What does "traction free" mean? Is it a boundary condiction that there's no stress action on that boundary? For example, the pseudio-fluid is free to leave the mold wall as pushed out by the advancing liquid.

Thanks a lot!

Traction-free = no surface traction = no tangential stress component.

Thanks for the reply! The boundary condition is, sigma(u).n-p.n=0 in the paper I read. I don't know the mean. no tangential stress component and no normal stress? Thanks a lot!

generally traction is used for stress bc in literature.

>sigma(u).n-p.n=0

n probably mean normal vector to boundary and .n mean normal component of those vector, as p (probably pressure) is scaler the better expression is pI.n

Strictly the zero traction condition is

(Tn).s = 0

where T is the stress tensor, n is the normal to the surface and s is the surface tangent (in 3D there are two surface tangents). Note that, since n.s =0 the pressure does not contribute to this calculation and u.n=0 for no flow through the surface. For n=k ans s=i then this is simplifies to the usual conditions (laminar Newtonian fluid)

w=0, u_z=0.

Note that traction free surface mean no stresses normal stress and tangent one,

the general stress bc condition for an arbitrary 3d surface is (in fluid dynamics):

i. (S.n).n = normal stress e.g. surface tension = sigma k/We

S= -pI + mu/Re[(grad U)+ (grad U)^T] (stress tensor)

where n is local normal vector, mu is viscosity, p is pressure, U is velosity vector, k is kurvature, Re is renold number, We is weber number

ii. (S.n).m1=0 and (S.n).m2=0

where m1 and m2 are local tangential vectors, note that n, m1 and m2 make independent basis for 3d space

Finally traction free mean condition leads to:

(S.n).n =0. (S.n).m1 =0. (S.n).m2 =0.

Is it clear yang?

The condition (S.n).n =0 will over prescibe the system if you require u.n=0 on a solid surface. The only time you would employ a condition on (S.n).n is if you had a surface which could deform under the motion of the fluid (even in this case it's really a condition on p rather than on S.n).n)).

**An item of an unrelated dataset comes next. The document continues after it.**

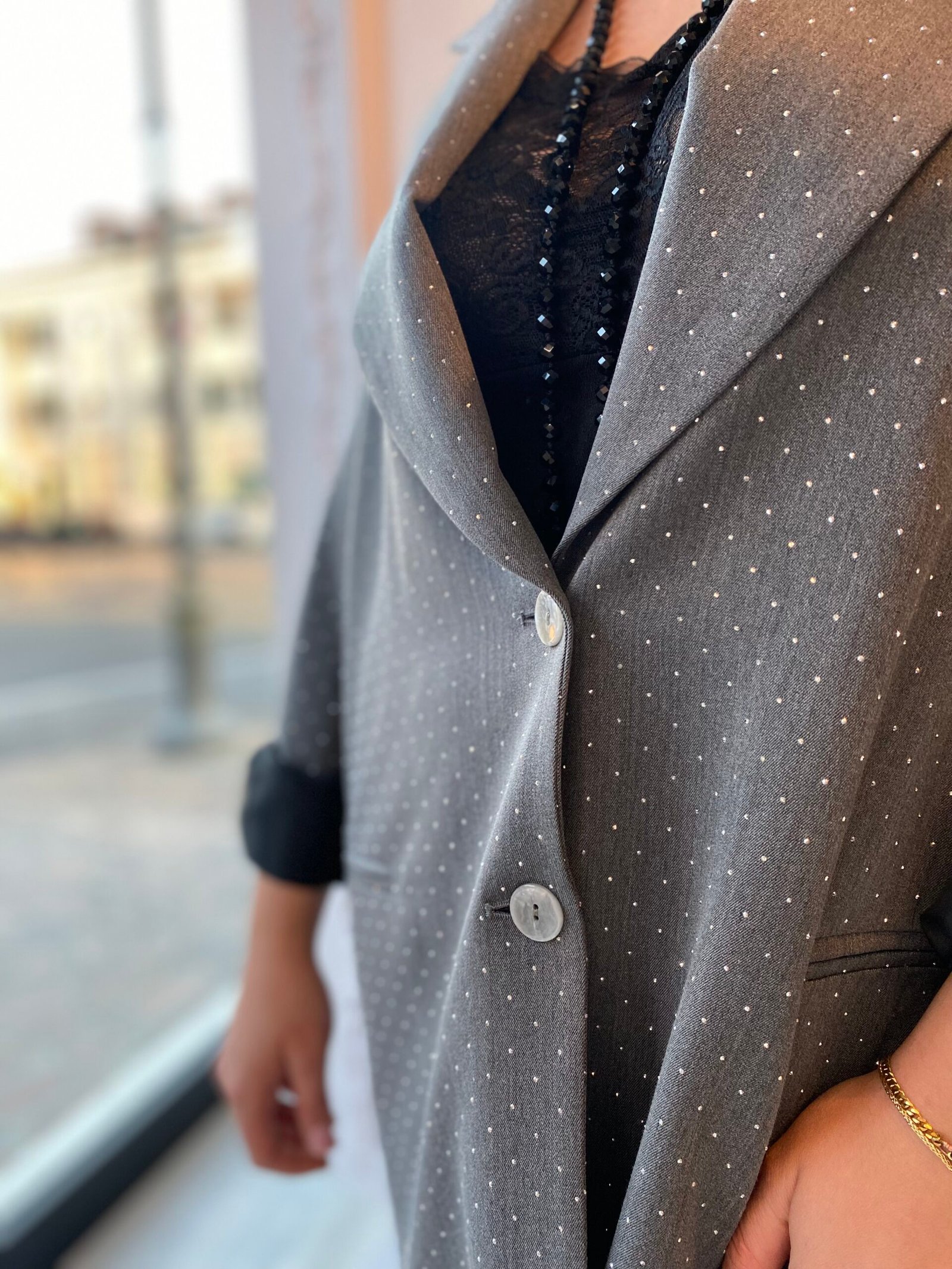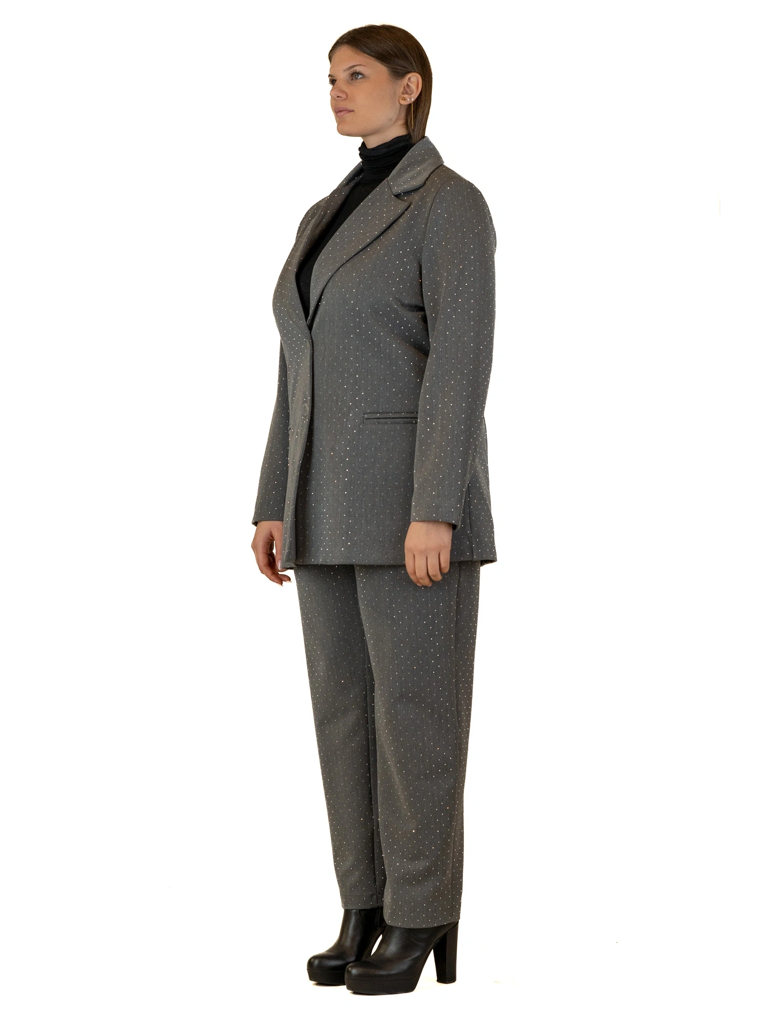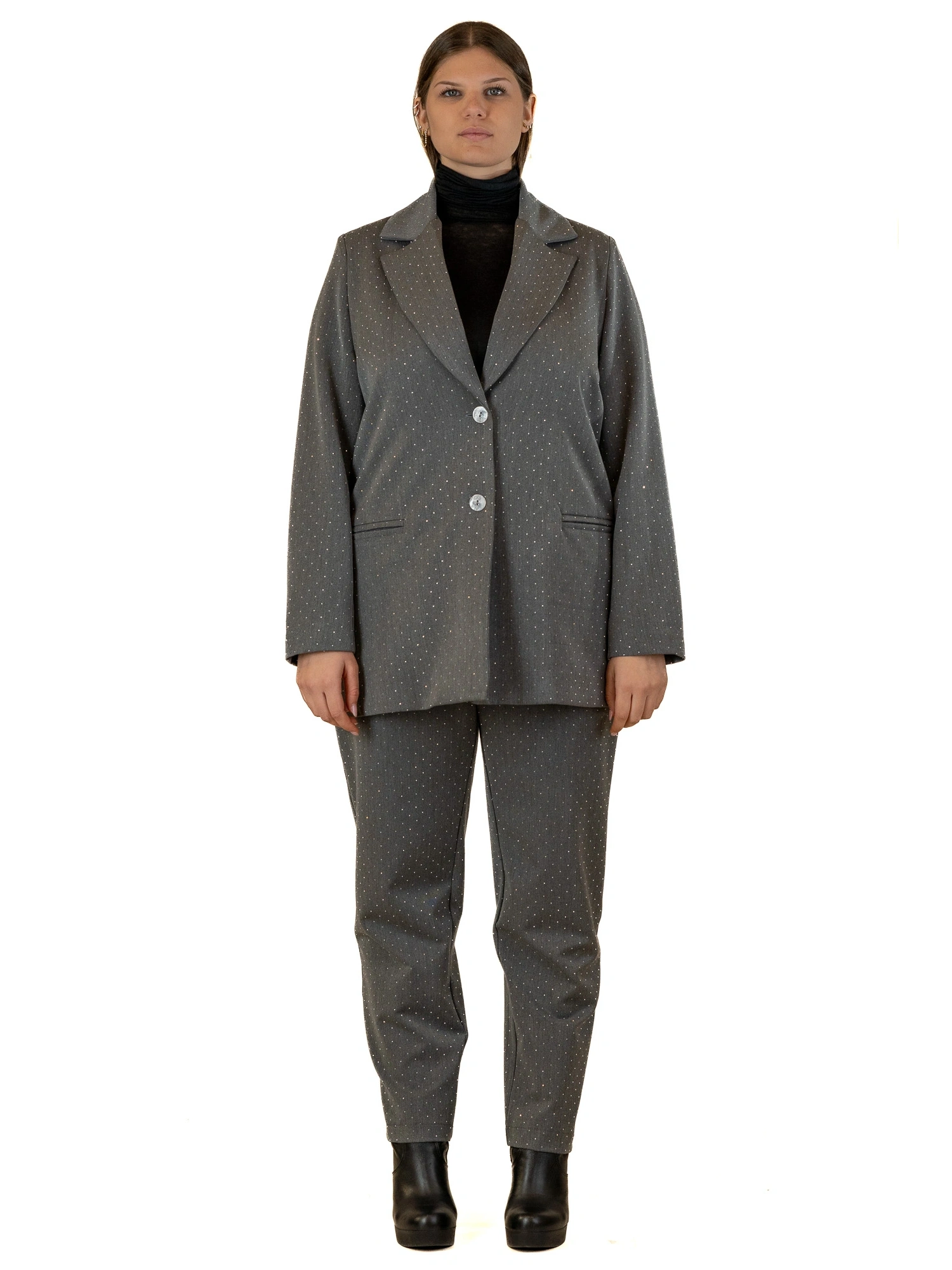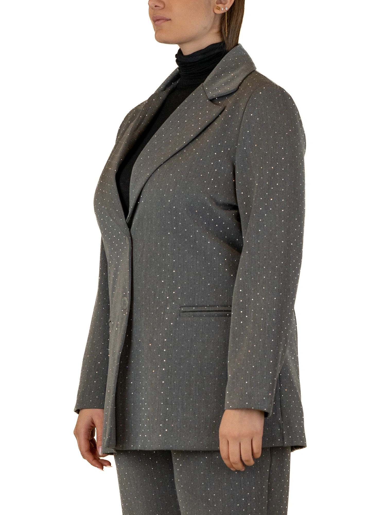 GIACCA DALLA LINEA PULITA MA CON UN TOCCO DI LUCE: I MICRO STRASS DISCRETI E LUMINOSI LA TRASFORMANO IN UN CAPO PERFETTO PER I MOMENTI SPECIALI O PER RENDERE UNICO IL TUO LOOK QUOTIDIANO. INDOSSALA CON IL PANTALONE COORDINATO PER UN EFFETTO TAILLEUR MODERNO.

i don't knowe what is your argue about correctness of previous massage, (S.n).n =0 in solid mechanics this condition is usually natural on free boundaries of solid but in fluid dynamics, normal component usually balance with pressure force (ambient pressure+surface tension pressure) i.e.

(S.n).n = P_ambient + sigma k

is it correct?

My point is that if you have a "traction free" or freeslip rigid surface then u.n = 0 is the relevant boundary condition and it does not in general imply (Sn).n=0; i.e. there is a normal pressure force on the surface even if there is no traction (think inviscid flow past an aerofoil - there is no drag but there is lift).

well, you mean traction free as only tangent (or shear) stresse=0., althouth i don't see this expression in CFD literature but in solid mechanics it is general based my nowledge (normal+tangent components)

Thanks for your replies! The air treated as pseudio-fluid is free to leave the mold wall as pushed out by the advancing liquid.The traction free boundary condition is T.n=0 at the interface between the wall and the air. Where, T=-pI+2*mu*D,D=0.5*[grad(u)+grad(u)^T]

In fluid mechanics the normal condition is generally only applied to the pressure (on a material surface); i.e. constant atmospheric pressure or a pressure jump related to surface tension - this is why it is usually referred to as a stress-free surface and not traction free one.

[psb]

Hi..

I want to implement the condition –p+0.0035 (∂u/∂x)=0 stated as the traction free boundary condition at the outlet of a pipe. How to implement this in Fluent? Is there any such option in Fluent or it will require a udf?

[guanjiang.chen]

Quote:

Originally Posted by Tom
;44323

Strictly the zero traction condition is

(Tn).s = 0

where T is the stress tensor, n is the normal to the surface and s is the surface tangent (in 3D there are two surface tangents). Note that, since n.s =0 the pressure does not contribute to this calculation and u.n=0 for no flow through the surface. For n=k ans s=i then this is simplifies to the usual conditions (laminar Newtonian fluid)

w=0, u_z=0.

This seems to be slip boundary condition.